To be fully seized, each of the three opportunities requires changes in the functioning of the main players – state-controlled energy companies. The first step, already discussed in public debate, is to shed coal assets from vertically integrated companies to improve their credit ratings. Such a measure will help them to better use the available opportunities to finance their transition. The second step would be to develop their energy services together with a growing retail market of renewables. The third step would be to go global with its services and to look for acquisitions and mergers in pursuit of know-how in the energy transition. This step should also allow some market openness to competition to slow down the expected growth in energy prices.

In many areas of the energy transition, Poland is looking for partnerships with US companies – gas supplies and the nuclear sector being the most important ones. It concerns areas where European technologies or perception of risks is deficient from the Polish perspective. Yet European partners remain the primary actors not only due to the common EU policy framework.

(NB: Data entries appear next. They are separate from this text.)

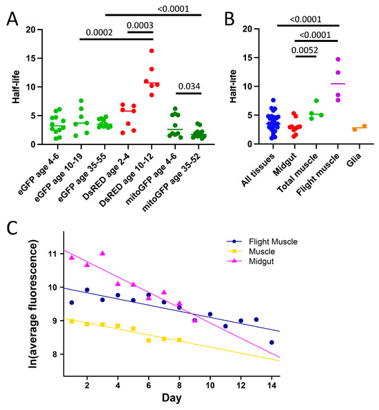 Half-life also varied by tissue, with greater eGFP half-life observed in muscle relative to other tissues. Cytoplasmic eGFP had a similar half-life in young flies when expressed in a tissue-general pattern and when targeted to midgut enterocytes and to glial cells (summarized in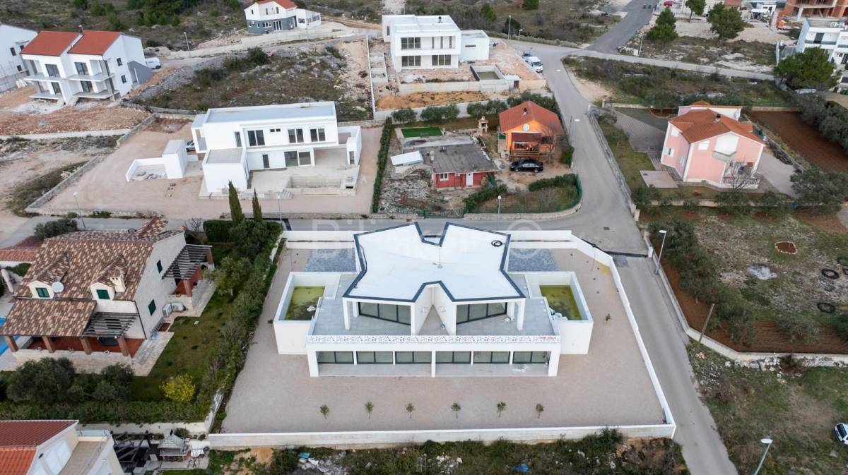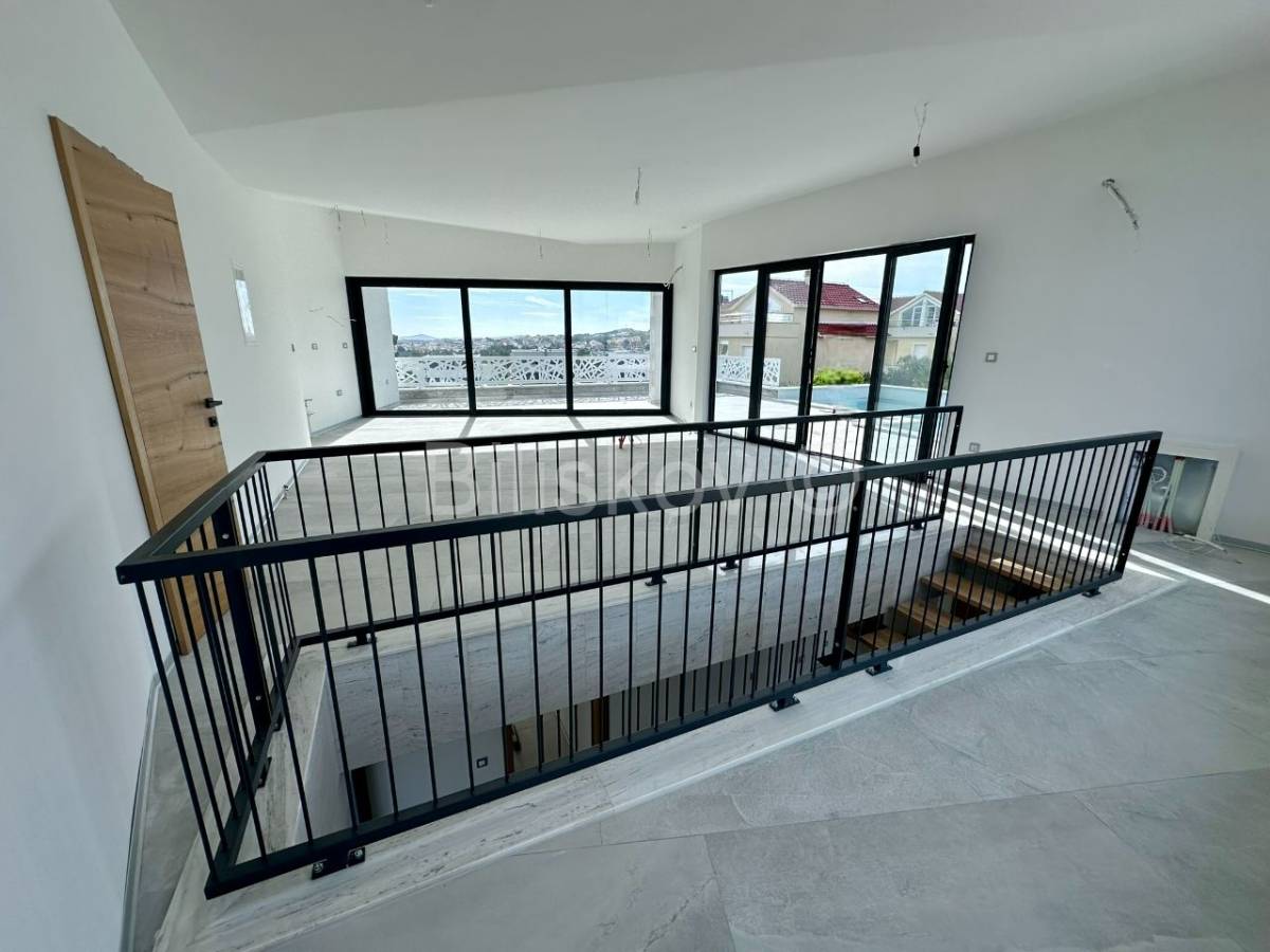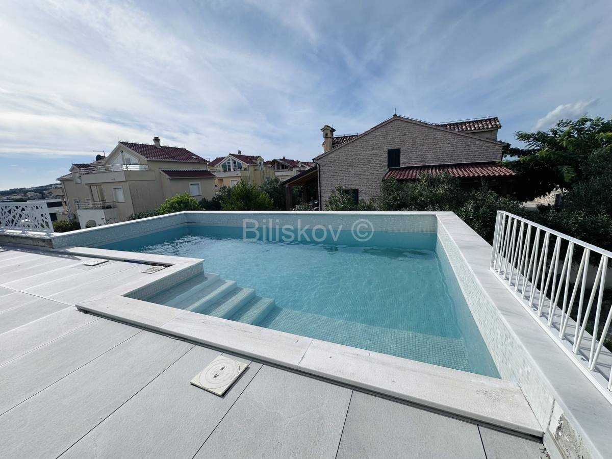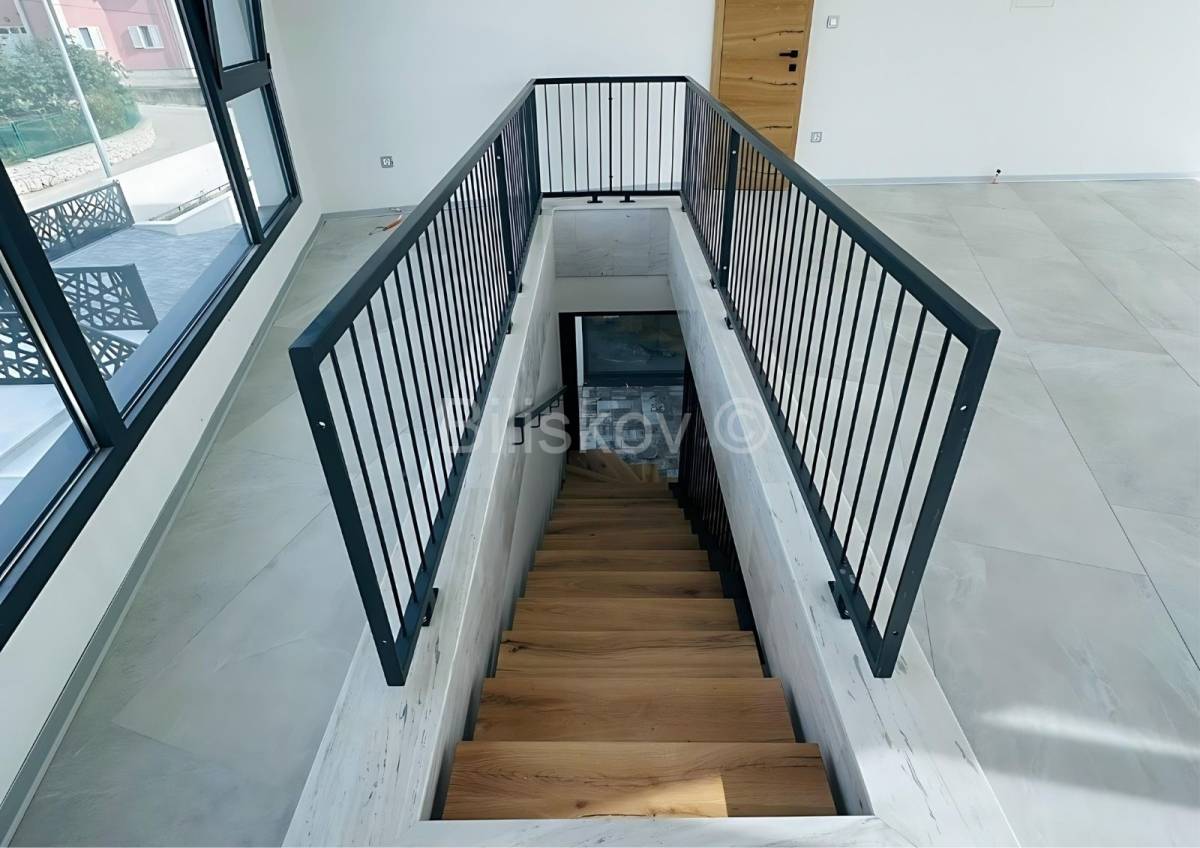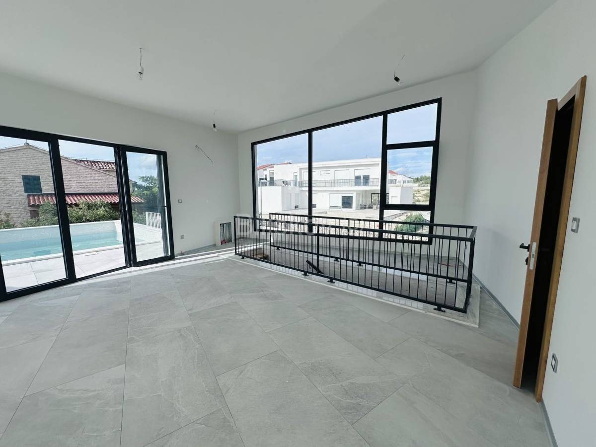 Prizemlje se sastoji od tri spavaće sobe s pripadajućim kupaonicama, loggie i strojarnice za bazen. Unutarnjim stepenicama dolazi se na kat gdje se nalazi prekrasan „open space“ dnevni boravak kuhinja i blagovaonica s izlazom na terasu i pogledom na more na kojoj je smješten bazen (8x3 m). Osim toga, na katu se nalaze gostinjski wc i loggia.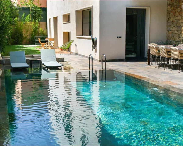 Villa Habiba ist eine spektakuläre zeitgenössische Villa mit einer Gesamtfläche von 450 m² in Marrakesch, Marokko. Das Anwesen verbindet moderne Eleganz mit raffiniertem Wohlbefinden und eignet sich für Familien, Freundesgruppen und exklusive Rückzugsorte. Die Villa verfügt über einen wunderschön gestalteten Garten, der Privatsphäre und Ruhe gewährleistet, sowie über einen beeindruckenden Infinity-Pool. Das Interieur kombiniert Luxus und Komfort mit einem geräumigen, lichtdurchfluteten Wohnzimmer, das nahtlos zum Poolbereich übergeht, einer modernen offenen amerikanischen Küche mit hochwertigen Geräten und einer zweiten professionellen Küche im Untergeschoss für Veranstaltungen oder einen privaten Chef. Die Villa bietet insgesamt 4 Suiten: 2 im Erdgeschoss mit jeweils privater Terrasse und privatem Bad, sowie 2 im ersten Obergeschoss mit privatem Bad und Zugang zu großzügigen Terrassen. Weitere Highlights sind ein privates Fitnessstudio, ein Kinoraum, ein traditionelles Hammam, ein Massageraum mit Entspannungslounge und eine moderne Sauna.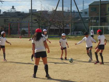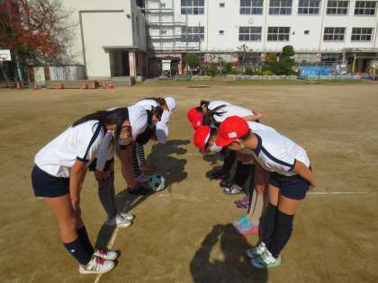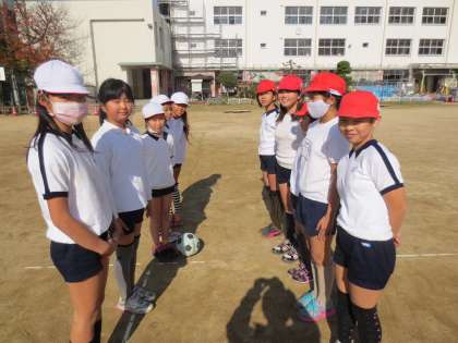 女子も挨拶をしてミニゲームをしています。キック力がある児童がいました。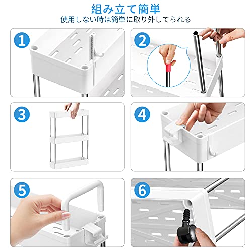 【移動便利な3段収納カート】奥行5.1インチ(約13cm)で、自宅のどんな狭い場所でも利用できます。台所、浴室、洗濯室、オフィスや車庫などのシーンにも、洗濯機と乾燥機の間にも置いてもいいです。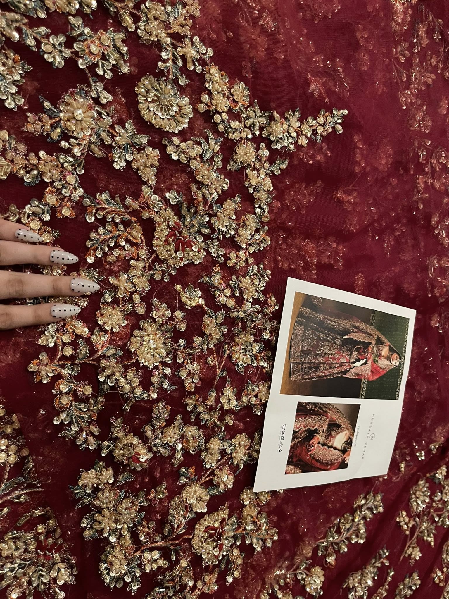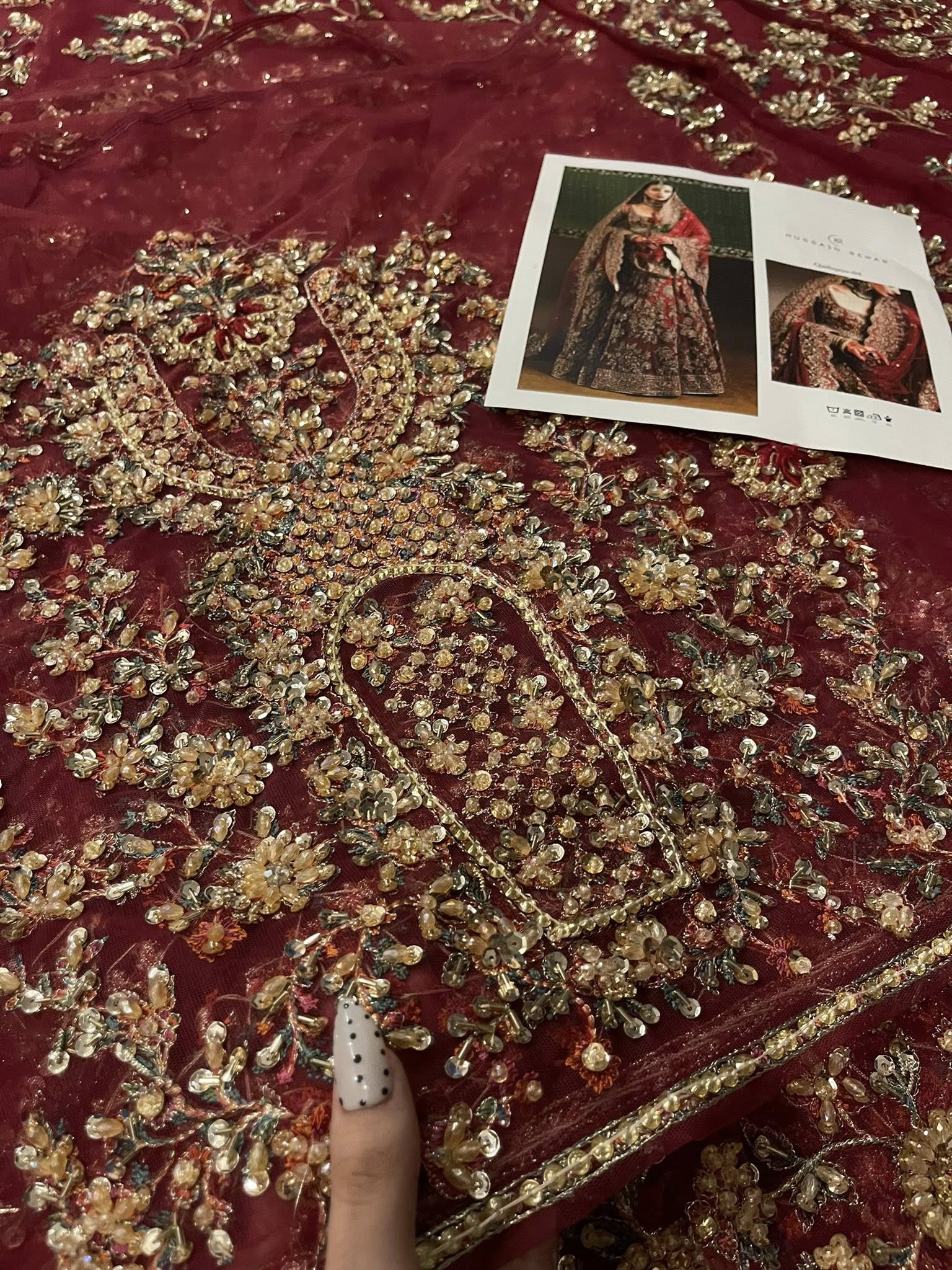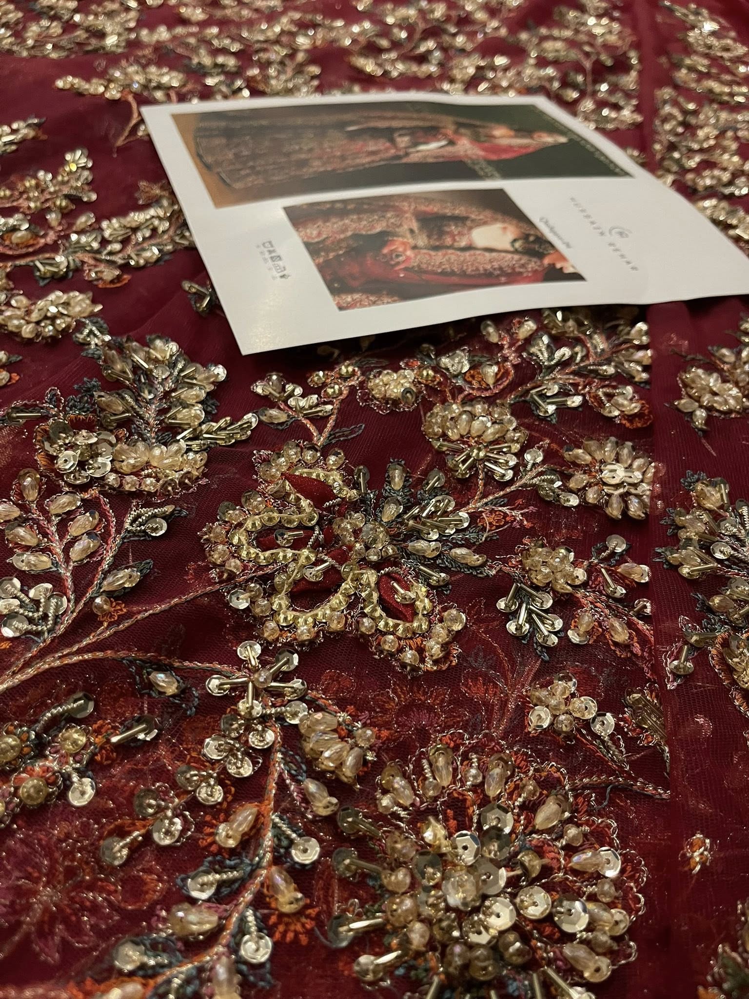 Make a bold statement with our exquisite rubby woo full-sleeve pishwaz, intricately hand-embellished with gotta tilla, cut dana, and other luxurious materials. Featuring a stunning deep neckline and opulent gold finishings, this piece radiates sophistication and allure. Paired with a lavish dupatta that showcases soft pink hues in its delicate hand embellishments, the heavy borders add an extra layer of intrigue that combines tradition and modern elegance.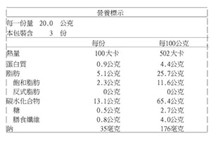 | 保存方式 | 為確保產品品質,產品請存放於陰涼乾燥處。開封後請密封保存並儘快食用完畢。 |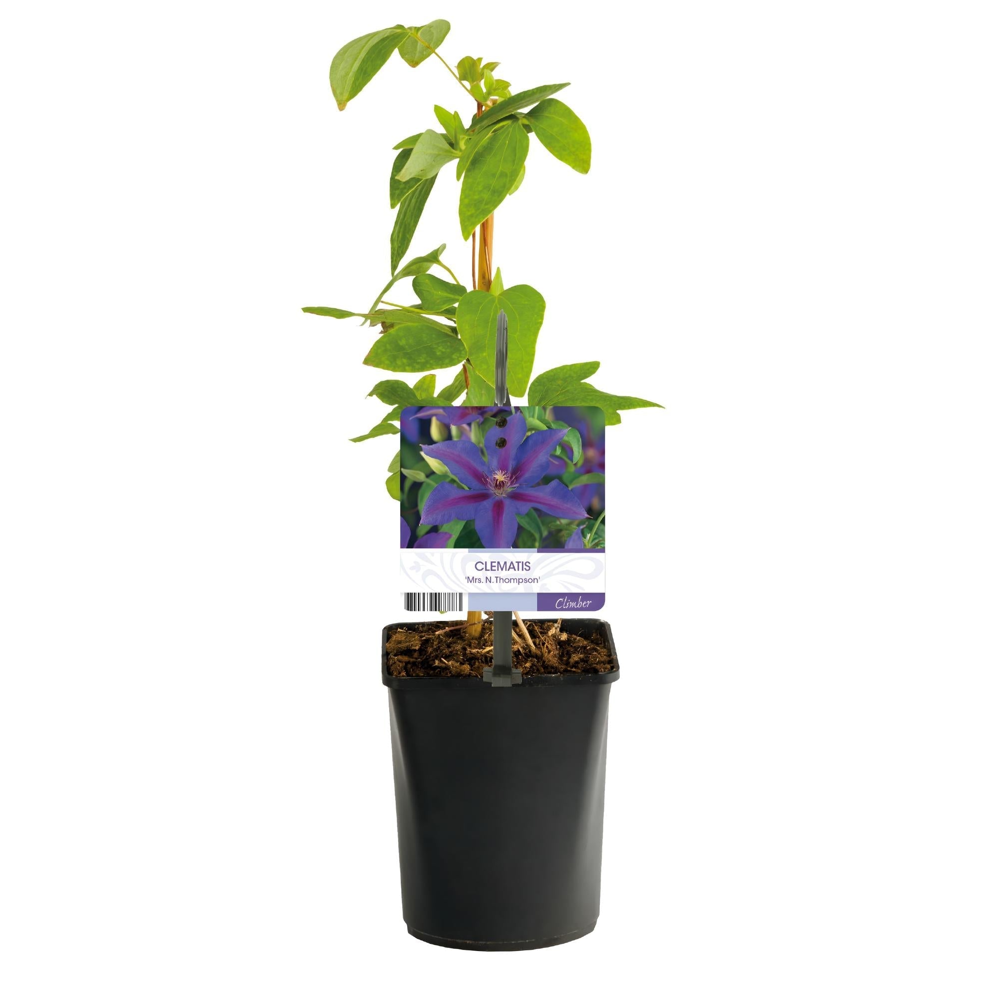 Die Clematis 'Mrs. N. Thompson' ist eine elegante Kletterpflanze, die von späten Frühling bis frühen Herbst mit reichen, lila Blüten Ihren Garten verschönert. Mit einer Wuchshöhe von bis zu 2–3 Metern eignet sie sich hervorragend für die Begrünung von Spalieren, Zäunen oder Wänden und bringt lebendige Farbe in jeden Außenbereich.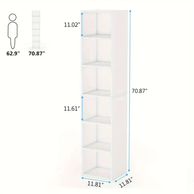 Transform your home or office with this sleek and functional 6-Tier Cube Display Shelf. Standing at 70.9 inches tall and designed with a slim profile, this modern white corner bookcase is perfect for maximizing space in small areas. The contemporary style seamlessly blends with any decor, making it a versatile addition to your living room, bedroom, study, or even bathroom.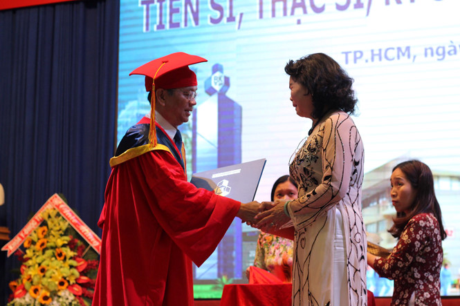 Buổi lễ đã xuất hiện hình ảnh xúc động về người mẹ nhận bằng thạc sĩ danh dự ngành quản trị kinh doanh thay con gái Nguyễn Thị Phương Linh đã mất vì tai nạn giao thông.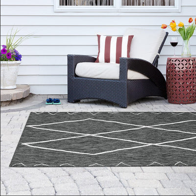 ‚ Global inspired indoor/outdoor area rug flatweave with Moroccan pattern‚ Made in Turkey‚ Durable area rug that will withstand rain, sun, snow, and dirt‚ Stain and fade resistant, easy to clean with a garden hose‚ Flatweave and textured pile height less than 0.25 inch‚ Select 5x7, 8x10 or runner size‚ 100% polypropylene

European companies which are global leaders in low-emission technologies are already involved in developing all major energy projects planned in Poland. The containment of Chinese and Russian investors in this regard is not accidental.

What Poland needs in a longer-term is closer coordination of plans with its neighbours in projects such as the North-South gas corridor or electricity supplies. CEE countries are central in this regard as proven by their recent collaboration relating to the creation of the Just Transition Fund or defending natural gas as a transition fuel. New investments, for example, the ones from the PCI list, are to keep the energy costs in CEE as low as possible while moving away from fossils. With new opportunities put on the table in the new EU financial framework and anti-crisis packages, the carbon-neutral transition becomes more realistic and may provide a trigger for coal-based energy countries.